PermutatonTest: Permutation Test for Dissimilarity Matrices

Description

'PermutationTest' computes and returns an empirical p-value from a null distribution generated by permuting 'Dfull' a total of 'num.per' times.

Usage

PermutationTest(Dfull, Dsubsets, num.per, num.chips, alpha)

Arguments

Dfull
dissimilarity matrix from the original (p x n) microarray expression data
Dsubsets
dissimilarity matrices from each k disjoint clusters returned by 'GetClusters'
num.per
number of permutations
num.chips
number of samples, 'n' from the original (p x n) data matrix
alpha
desired level of significance

Value

returns the permuted p-value for the 'alpha' selected level of significance

Warning

(p x n) data matrix should be numeric (e.g. gene-expression levels)

Details

For each permutation, k Mantel correlations are computed by correlating the permuted 'Dfull' with each dissimilarity matrix 'Dsubsets' from the 'k' clusters returned by 'GetClusters'. The absolute value of the maximum Mantel cluster correlation is retained at each permutation.
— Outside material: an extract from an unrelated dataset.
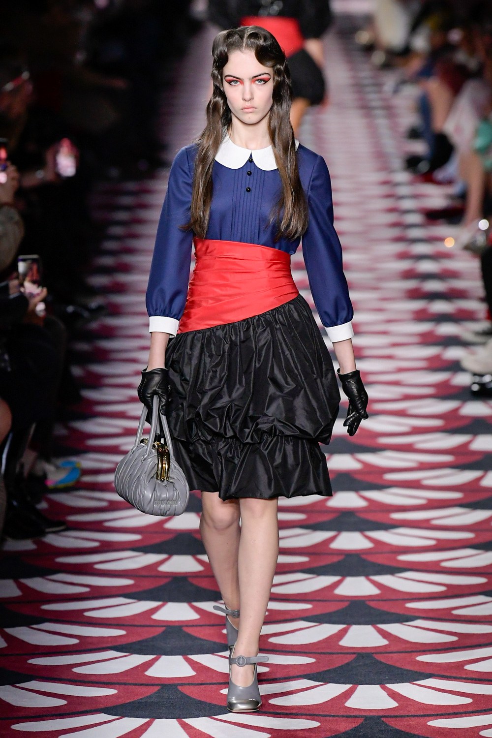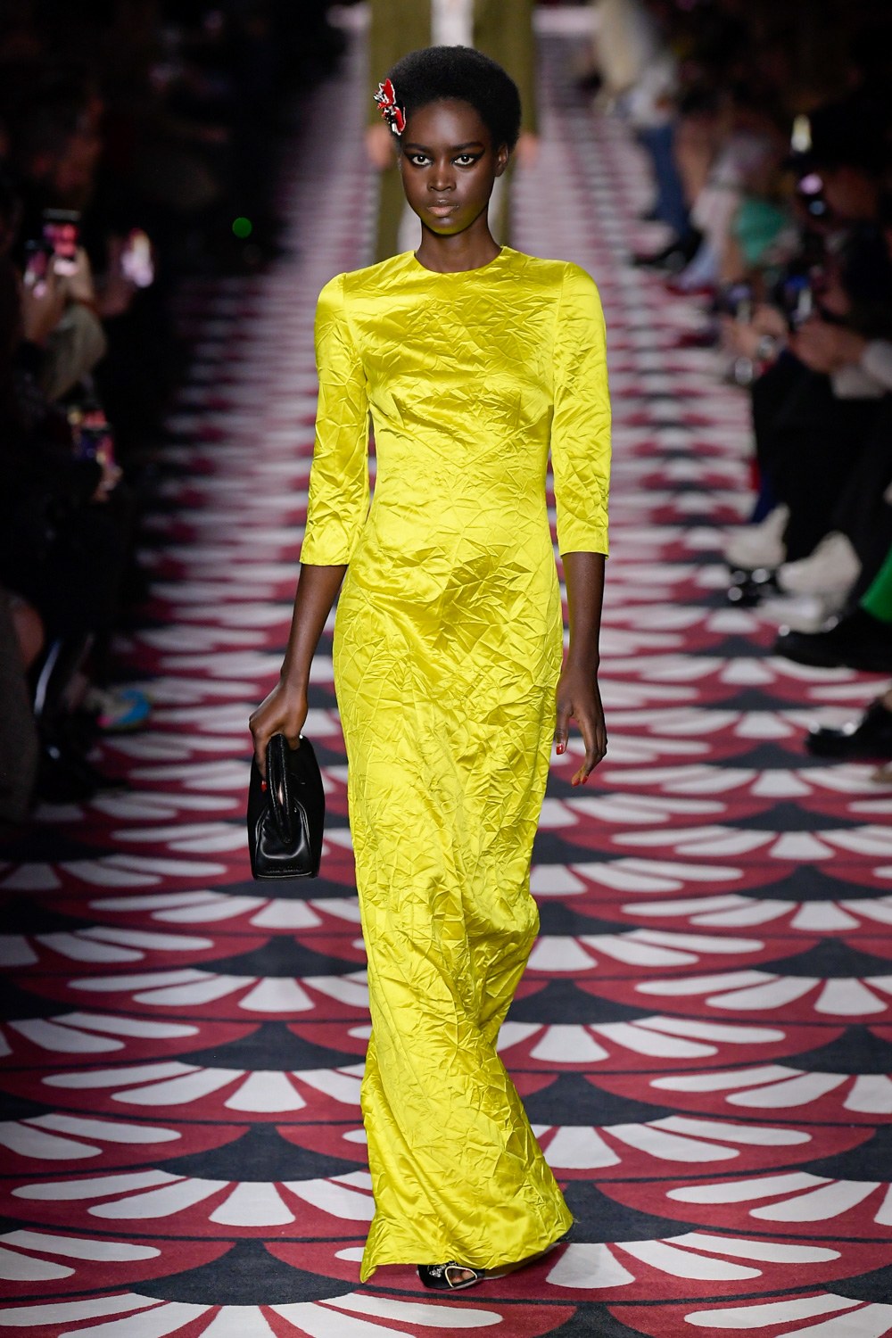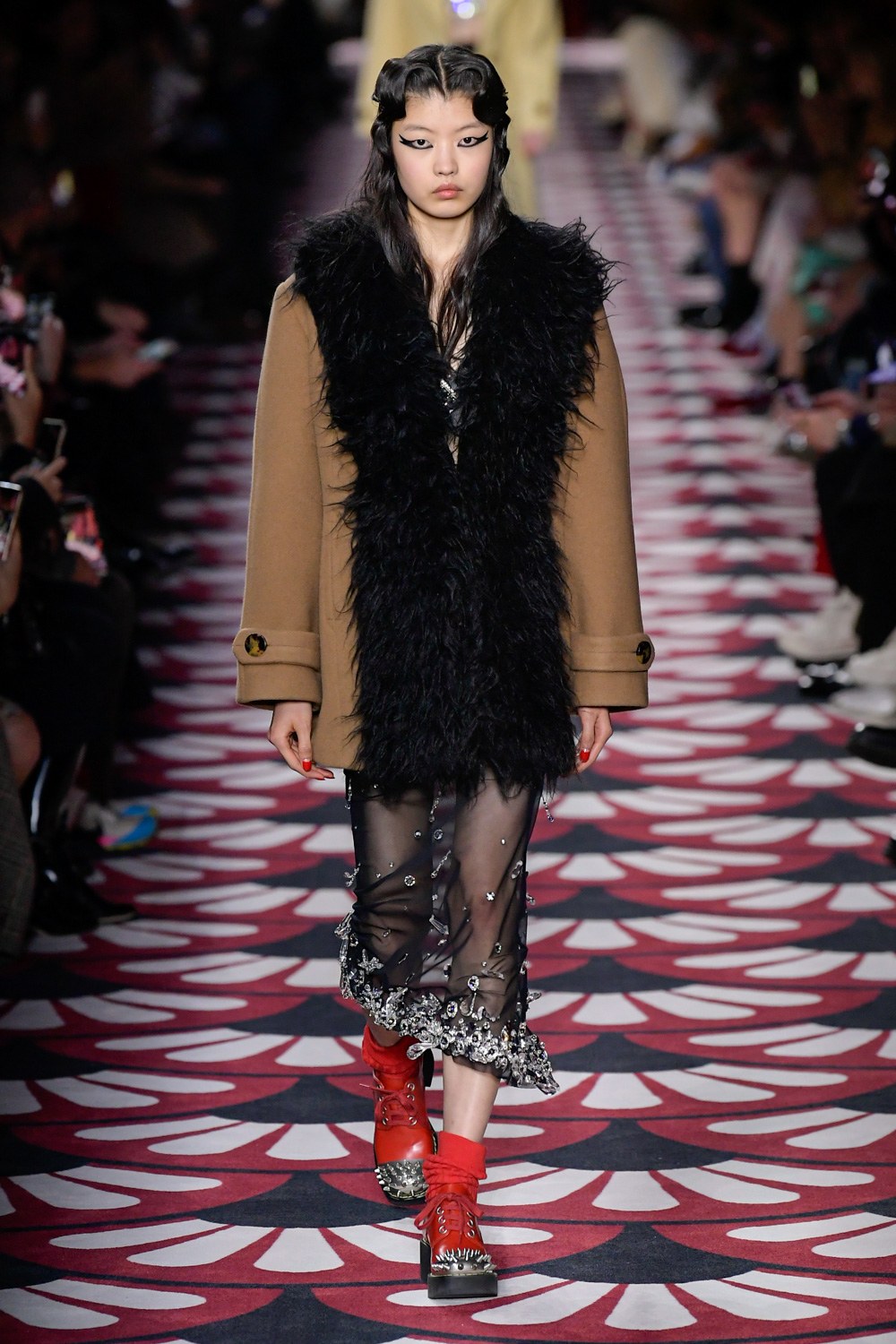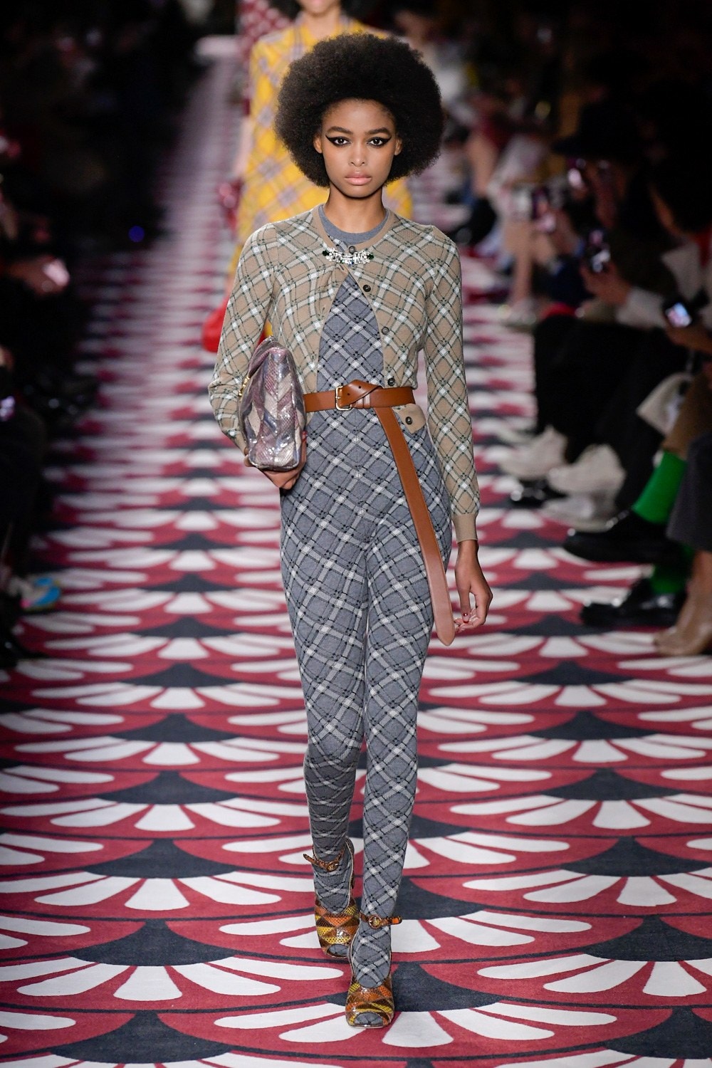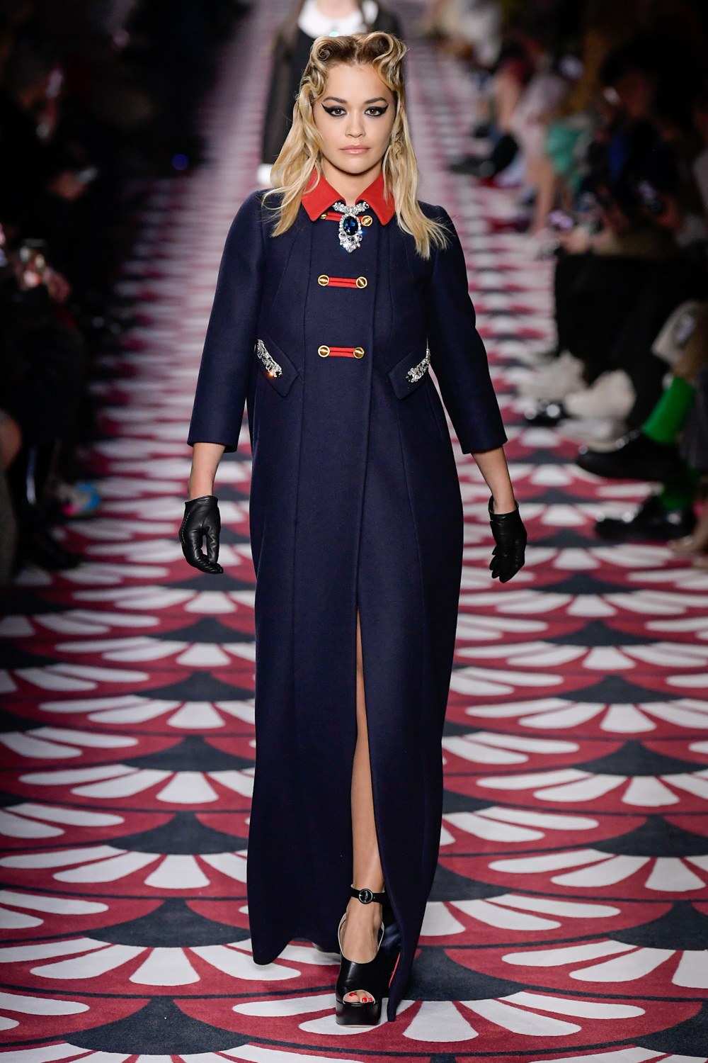 16-летняя звезда сериала "Эйфория" Сторм Рейд открыла показ в платье медного оттенка и суровом сером пальто, а певица Рита Ора появилась в пальто, напоминающем военный мундир периода Первой мировой войны. Однако общий нарратив осенней коллекции Миуччи Прады вовсе не такой тревожный. Несмотря на то что дизайнер обратилась к предвоенной моде 40-х, образы, представленные на показе в Париже, были по-девичьи нежными, чувственными и даже жизнерадостными. Обилие силуэтных костюмов в клетку сменялось леопардовыми пальто и юбками, а одежда из кожи - вещами пастельных оттенков.

These 'num.per' maximum correlations are then used to generate a null distribution for distance metric independence, with the p-value taken from the (1 - 'alpha') percentile of this permutation distribution.

See Also

'GetClusters' 'DistMatrices' 'MantelCorrs'

Examples

Run this code

# simulate a p x n microarray expression dataset, where p = genes and n = samples
data.sep <- rbind(matrix(rnorm(1000), ncol=50), matrix(rnorm(1000, mean=5), ncol=50))
noise <- matrix(runif(40000), ncol=1000)
data <- t(cbind(data.sep, noise))
data <- data[1:200, ]
# data has p = 1,050 genes and n = 40 samples

clusters.result <- GetClusters(data, 100, 100)
dist.matrices <- DistMatrices(data, clusters.result$clusters)
mantel.corrs <- MantelCorrs(dist.matrices$Dfull, dist.matrices$Dsubsets)
permutation.result <- PermutationTest(dist.matrices$Dfull, dist.matrices$Dsubsets, 100, 40, 0.05)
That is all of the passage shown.